Conceptual, tracing is easy to understand. Operationally, it can turn into a mess. There is an overhead to tracing, albeit small, but still you don’t want to get OutOfMemory errors because of tracing. So don’t by start tracing everything!

Besides, if you start tracing everything what are you going to do with all that data? Depending on your request load this could be huge. Sure, you solved tracing your micro-services, but you created massive amount of data (and hardware) that probably no one is going to look at. In the beginning, keep your operational costs to a bare minimum. You could start by dumping traces into your existing logging infrastructure (i.e. put the trace Id as MDC context in all logging statements). No extra hardware (collectors) required! Like designing software, start small and increment your changes overtime.

Slow and steady wins the race

Begin your tracing quest by providing a mechanism which will “turn on” tracing manually. Suppose you have a REST API, by detecting a special request header, say “X-AdHocTrace”, will inform the service that tracing has been requested. This will enable tracing to all downstream servers as well. We use swagger at Outbrain and added the header automatically:

window.onload = function() {
 const ui = SwaggerUIBundle({
 url: "../api/swagger/apiDocs",
 requestInterceptor: function(request) {
   request.headers['X-AdHocTrace'] = "true";
   return request;
}

When developers are testing their services (locally or remotely) they automatically get all their calls traced when using swagger.
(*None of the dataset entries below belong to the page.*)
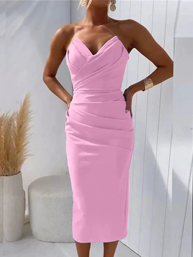 Women’s Party Dress Cocktail Dress Bodycon Midi Dress Black White Pink Sleeveless Pure Color Ruched Fall Autumn Strapless Fashion Wedding Guest Birthday Vacation 2023 S M L XL
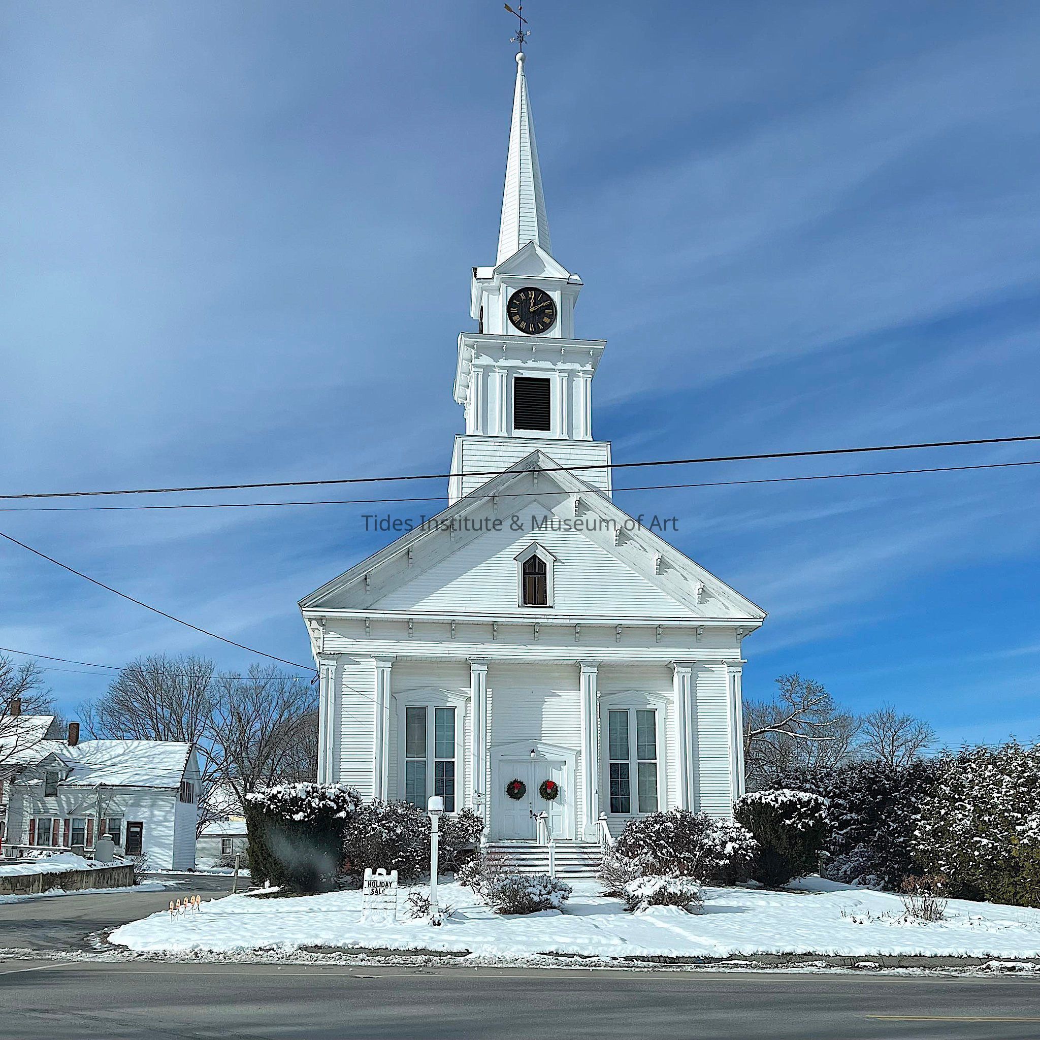 The Union Church on Bridge Street was organized in 1853; a building built in 1854 by J.T. Wallace, master builder. It had Grecian Doric columns and a spire 106 feet tall. The doorway and rectangular windows are capped with pedimented lintels. This clapboard structure has a bracketed cornice, square steeple base, and a pedimented gable above each clock face. It was financed by the selling of 60 shares of $50 each to members. A vestry was built behind it in 1893 so the ladies would have a place to meet and sew. The church's earliest tradition was that it served all denominations, but in 1907 it became affiliated with the Congregational Conference. The small group struggled along until 1928 when it was federated with the Milbridge Methodist Church, with services alternating back and forth between the two buildings. This federation was not dissolved until 1973 when the church became affiliated with the Congregational Conference. TH
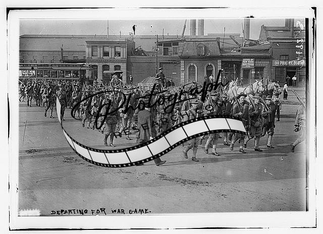 Departing for war game,1910-1915,Military,uniforms,Bain News Service
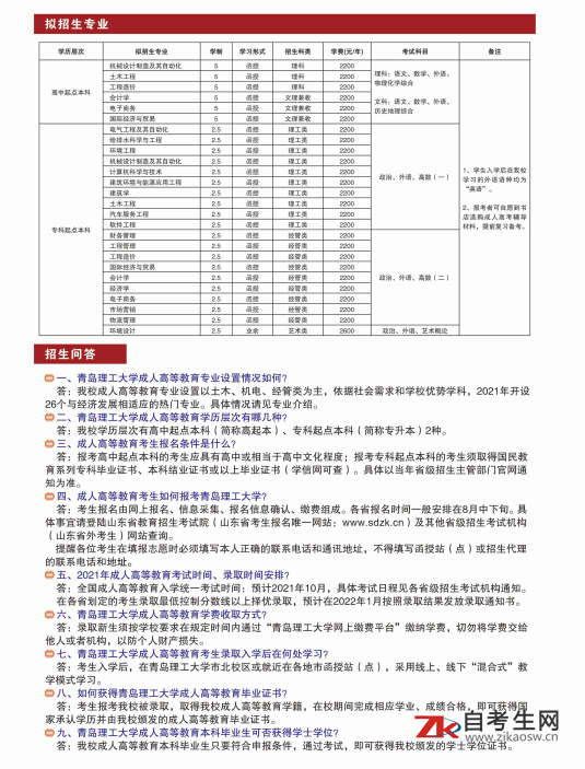 青岛理工大学于1961年创办了成人高等教育。50年来,学校继续教育在办学层次、办学形式、办学规模和办学质量等方面取得了长足的发展。目前,学院开设土木工程、建筑学、机械设计制造及其自动化、工程管理、国际经济与贸易、人力资源管理、物流管理等40多个本专科专业,有业余、函授两种学习形式,在籍学生近2万人。自1983年恢复成人教育以来,学院共培养了4万余名成人教育本、专科毕业生和1万余名专业证书班学生。
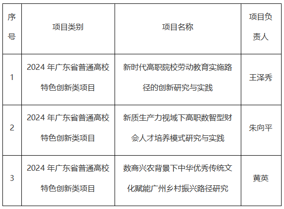 在广东省普通高校认定类科研项目立项中,我院王泽秀、朱向平、黄英等老师立项特色创新类项目。这些项目的成功立项,不仅体现了我院科研工作的持续改革与创新,也充分反映了我院科研工作实力稳步提升。
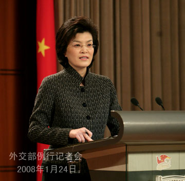 2008年1月24日下午,外交部發(fā)言人姜瑜舉行例行記者會,就伊核問題六國外長會、蘇丹達(dá)爾富爾問題、中越關(guān)系等回答記者提問。
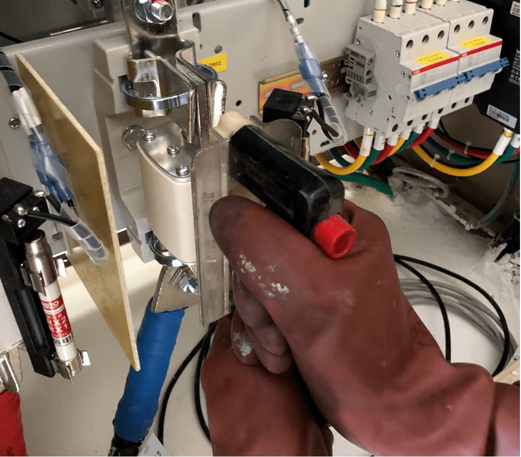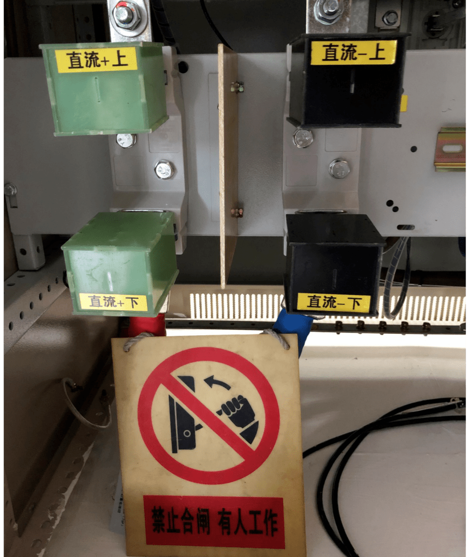 3. 取下蓄電池組保險后,在蓄電池保險的底座正極上下兩端、負(fù)極上下兩端分別套上大小合適的絕緣盒,并在絕緣盒上分別掛禁止合閘,有人工作!標(biāo)示牌。

Overtime you can add more sophisticated sampling mechanisms. For instance you could sample all request that result in a 500 HTTP status code.

It’s a trap

Despite being around for a while, the tracing world has no official standards. Sure there is ZipKin, OpenTracing and OpenCensus but
they are frameworks and opinionated implementations of tracing. There is a W3C working group in progress and then there’s proprietary vendor solutions. Don’t use out-of-the box tracing frameworks and expose them as a direct dependency in your code. Instead, create a wrapped tracer which mimics a known tracer and tailored it to your own organization. Treat the tracer as a combination of metrics and logger. Hide creating traces internally to components, e.g. JDBC driver, but allow developers to enhance or enrich the trace with business specific logic:

public class UserDao {
  static Tracer tracer = TracerProvider.getTracer();
  public boolean delete(long userId) {
    tracer.log("deleting user " + userId);
    tracer.tag("userId", userId) // Or use a tag
    ...
  }
}

Trace be Nimble. Trace be Silent.

We took a quick and silent approach within Outbrain’s tracing infrastructure. We use metrics to record tracing activity such as span creation rates and internal trace errors. We decided to not log trace errors as this may bombard an application with logs that owners won’t know how to solve. Test what would happen if your trace collector is non-responsive or slow to accept requests. Application should behave normally even when trace infrastructure falls apart.

Another trick we used was wrapping tags and (trace) logs with lambdas (Supplier in JAVA lexicon). If you have an expensive tag, say a request body, use a lambda:

tracer.withTag(“body”, () -> objectMapper.writeValueAsString(pojo))

Due to Outbrain’s ad hoc tracing approach, expensive tags are only executed a small fraction of the time thus saving on performance.

Integration Tests

Do you have integration test or a simulated environment? Why not enable tracing in the tests? It is a good way to see how tracing behaves in near production like scenarios without overloading your services. The other benefit is when a test fails you have a trace which can help you troubleshoot.

In conclusion

Treat tracing as additional monitor tool in the ecosystem, not a replacement. Start slow, increment your changes, be silent and performance neutral. We abstracted creating spans within our own framework so developers don’t create spans themselves. Finally, treat the tracer as a combination of a logging and metrics.

For me, the most valuable insight to tracing was detailed understanding of Outbrain’s business flows. A new employee joining a team can examine a trace to see the critical code path for specific business requests. Reviewing traces has a self-documentation feature that we didn’t expect.